The theoretical difference between scripting and coding is that scripting languages do not require the compilation step and are rather interpreted [GeeksforGeeks 2022] [softwaretestinghelp 2022]. Actually, Coding is a genre, Scripting Is a subgenre [Morris 2022]. This implies to treat scripts as code and let them be understable and then adopt the Domain-Specific Language (DSL) that fits the context. Tools such as Gherkin bridge the gap between the DSL question at User Story (US) level with a development language, and Unit Tests at code level do “speak” the language of Developers, as per the Domain-Driven Development. The leap between those levels of abstraction and domains can be actually addressed for instance by combining ATDD and TDD. This link between macro and micro has been addressed under the term “double loop learning” [Argyris 1977] [Smith 2001]. It enables focussing the organization on the customer and uses testing as a glue.

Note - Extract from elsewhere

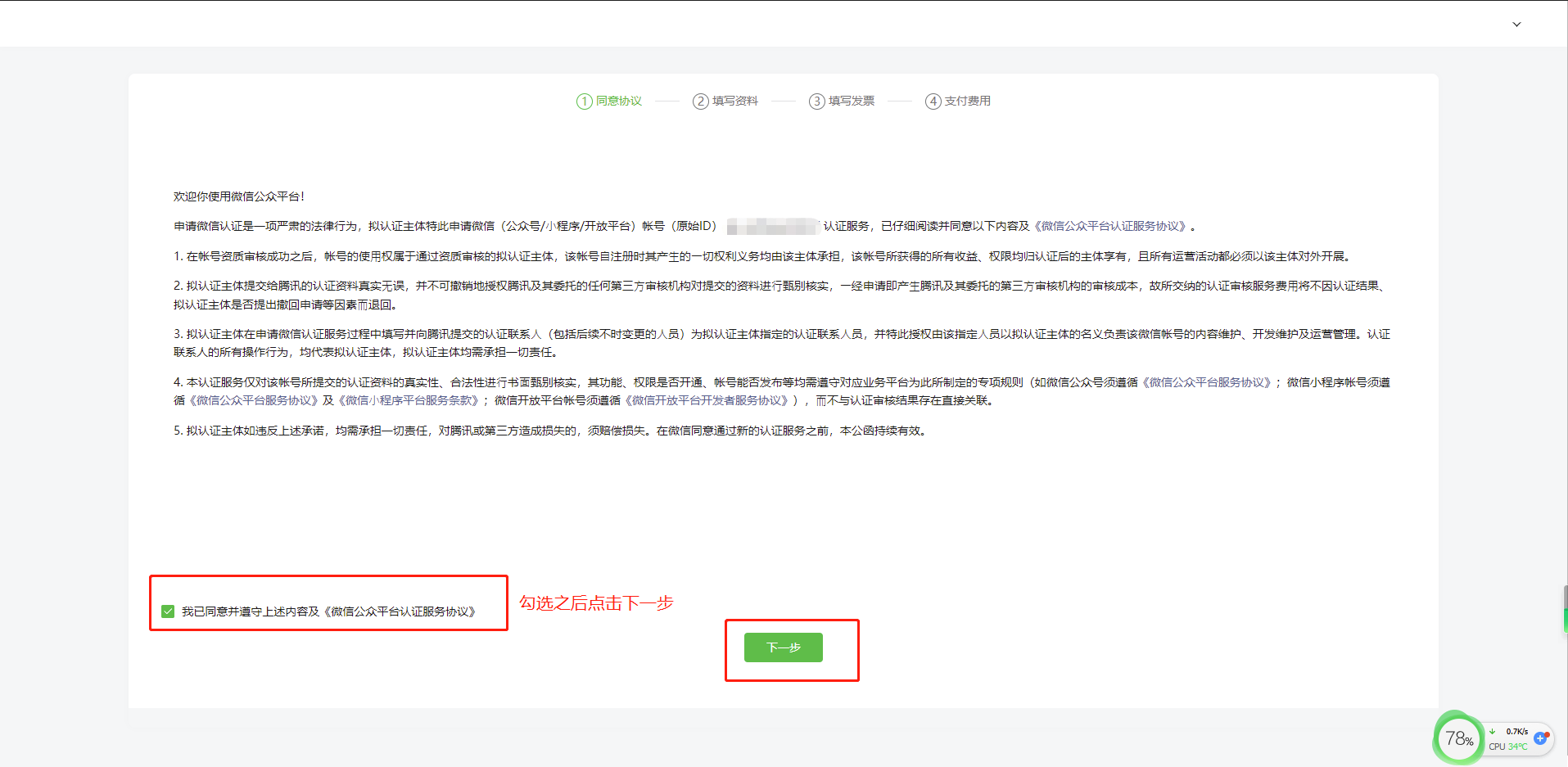 第四步:点击下一步,勾选同意协议后点击下一步,进入填写资料。

Having FIRST tests eases double loop learning due to fast and deterministic feedback.
However, when tests become more macroscopic, they are harder to handle, notably testing data wise which usually impedes repeatability. Available tools automate the many aspects of testing such as test management, load testing, test scripting, and contribute to testing automation but the intrinsic limits of tools are a ceiling glass to FIRST testing at a certain level.
Because automation involves some code, we may then see how the Object-Oriented Design SOLID [Martin 2008] [Metz 2015] principles could be adapted to tests:
- Single-Responsibility Principle (SRP): "There should never be more than one reason for a class to change" - the design should help you to have one sole reason to update your asset; therefore you should have one single assert per Test and one single concept per test [Martin 2008]
- Open-Closed Principle (OCP): "Software entities ... should be open for extension, but closed for modification": applied to test scenarios, it would be better to add tests instead of updating them, introducing then “immutable tests”, especially when your software solution also implies immutable components. This paradigm will lead you to let tests live as long as a feature is in production and remove them from test suites when the feature is decommissioned
- Liskov Substitution Principle (LSP): "Functions that use pointers or references to base classes must be able to use objects of derived classes without knowing it" - when possible, the test must be independent from the implementation details and environment parameters such as data or infrastructure - they should work regardless of the context, as much a possible
- Interface Segregation Principle (ISP): "Many client-specific interfaces are better than one general-purpose interface" - tests should rely on interfaces with 1 assert per test; this paradigm will provide many interface-specific tests, but then there is a need to introduce a feedback loop at a higher level as per the “double loop learning” principle that would fit levels of abstraction with appropriate DSL changes
- Dependency Inversion Principle (DIP): "Depend upon abstractions, [not] concretions." - tests should involve the appropriate levels of abstraction with appropriate tools to ease handling (eg. Gherkin-based tools for US Acceptance Criteria and a xUnit framework at code level)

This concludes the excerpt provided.